The jury in Anderson divided the verdict into $1.5 million for non-economic losses and $1.5 million for future health care expenses. Pinto said she could not comment as to whether there were any pretrial settlement offers.

Plaintiffs Kelly Anderson and her husband argued in their pretrial memorandum that Anderson’s ingestion of Topamax during the first trimester of her pregnancy caused their baby’s birth defects.

Anderson, who took Topamax to treat her migraine headaches, learned she was pregnant Dec. 26, 2007. Court papers said that Anderson called her neurologist, Dr. Veronica Sosa, to discuss tapering off, but not eliminating, her Topamax use with the belief that her migraines would improve during pregnancy.

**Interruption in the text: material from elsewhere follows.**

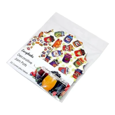 The NJ Products Jam Pot Covers With Jam Jar Labels are supplied in a pack of 20.Decorated in a bright and colourful gingham background with tiny jam pot illustrations. The kit contains wax discs, cellophane discs, matching labels and bands for 20 jam pots.Made in the UK.
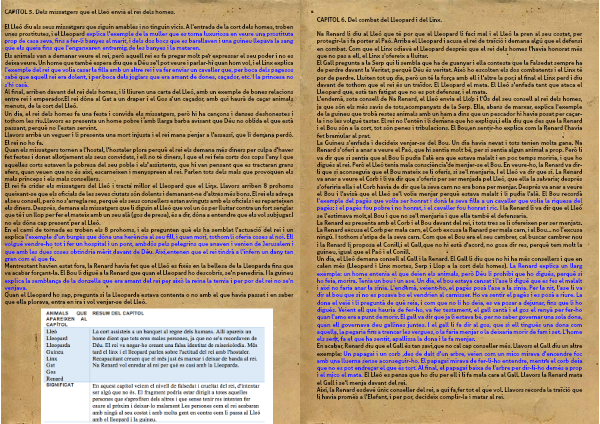 Mentrestant havien estat fora, la Renard havia fet que el Lleó es fixés en la bellesa de la Lleoparda fins que va acabar forçant-la. El Bou li digué a la Renard que quan el Lleopard ho descobrís, se'n penediria. I la guineu explica la semblança de la donzella que era amant del rei per això la reina la temia i per por del rei no se'n venjava.

Court papers said that Anderson’s obstetrician told her that Topamax was safe to take during pregnancy.

The plaintiffs argued Janssen did not adequately warn about the potential risks associated with Topamax until the label was changed in March 2011.

The plaintiffs alleged that Janssen knew about the risk of birth defects associated with Topamax as early as a decade before the label change, as evidenced by internal Janssen documents.

Janssen employees also acknowledged Topamax’s potential to cause birth defects, court papers said, pointing to the testimony of Cathy Ellis, who served as Janssen’s associate director of regulatory affairs.

“She testified that based on preclinical information at the time, Topamax ‘was known to cause some birth defects’ in humans as early as 1996,” court papers said.

However, Janssen’s experts testified that it is uncertain as to whether exposure to Topamax during pregnancy causes birth defects, court papers said.

In the defendant’s pretrial memorandum, Janssen said that one of Anderson’s doctors informed her of the potential risks associated with taking Topamax during pregnancy and that Anderson “repeatedly refused” to go off the drug, despite her doctor’s warnings.

Additionally, the defendant argued that Sosa knew of the risks Topamax potentially posed when it was labeled as a pregnancy Category C drug before it was changed to Category D, and informed Anderson to stop taking Topamax during pregnancy.

“Accordingly, Dr. Sosa knew of and understood the precise warnings of which [the] plaintiffs complain,” defense papers said. “Janssen’s warnings were, therefore, adequate.”

Janssen maintained that a change to a different warning label for Topamax would not have affected Anderson’s decision to remain on the drug because she relied on the advice of her obstetrician or she needed the drug for relief of her migraine symptoms.

“Mrs. Anderson’s conduct, such as her failure to heed the warnings Janssen provided with Topamax and/or heed the warnings concerning the drug’s side effects provided by her prescribing physicians, not only prevents [the] plaintiffs from meeting their burden of proof, but also demonstrates Mrs. Anderson herself was negligent,” defense papers said.

Pinto reiterated that juries have found in three trials that Topamax is a teratogen, a substance that causes birth defects, and that its warnings aren’t strong enough.

“This third verdict shows that Janssen and Johnson & Johnson’s defensive strategy of placing the blame on the mothers and the doctors is not going to work,” Pinto said.